Monastery information
- Full name: Monastery of St. Mary at Winchcombe
- Order: Benedictine
- Established: 798
- Disestablished: 1539.

Scheduled monument
- Official name: Winchcombe Abbey
- Designated: 18 October 1962
- Reference no.: 1019146
- Reestablished: 970
- Dedication: St. Mary
- Consecrated: 811

People
- Founder: King Coenwulf of Mercia
- Abbot: First: Livingus; After Reestablishment: Germanus of Winchester; Last: Richard Ancelme;

Site
- Location: Winchcombe, Gloucestershire
- Coordinates: 51°57′12″N 1°58′1″W﻿ / ﻿51.95333°N 1.96694°W
- Visible remains: The main abbey is now gone, however the attached Parish Church of St.
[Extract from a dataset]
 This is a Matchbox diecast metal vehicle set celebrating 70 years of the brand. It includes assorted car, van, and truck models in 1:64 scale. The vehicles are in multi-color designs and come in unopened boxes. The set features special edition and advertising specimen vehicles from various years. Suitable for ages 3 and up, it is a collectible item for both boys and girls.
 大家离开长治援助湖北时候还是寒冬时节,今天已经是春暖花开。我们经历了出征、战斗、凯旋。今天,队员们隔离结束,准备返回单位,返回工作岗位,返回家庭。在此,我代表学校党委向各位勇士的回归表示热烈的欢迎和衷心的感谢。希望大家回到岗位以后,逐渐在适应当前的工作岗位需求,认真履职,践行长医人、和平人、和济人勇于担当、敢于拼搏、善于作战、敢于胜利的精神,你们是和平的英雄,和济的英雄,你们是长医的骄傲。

Peter is in active use
- Public access: Inaccessible

= Winchcombe Abbey =

Former Benedictine monastery in Gloucestershire, England

Winchcombe Abbey is a now-vanished Benedictine abbey in Winchcombe, Gloucestershire; this abbey was once in the heart of Mercia, an Anglo Saxon kingdom at the time of the Heptarchy in England. The Abbey was founded c. 798 for three hundred Benedictine monks, by King Offa of Mercia or King Coenwulf of Mercia. In its time, it was the burial place of two members of the Mercian ruling class, the aforementioned Coenwulf and his son Cynehelm, later venerated as Saint Kenelm.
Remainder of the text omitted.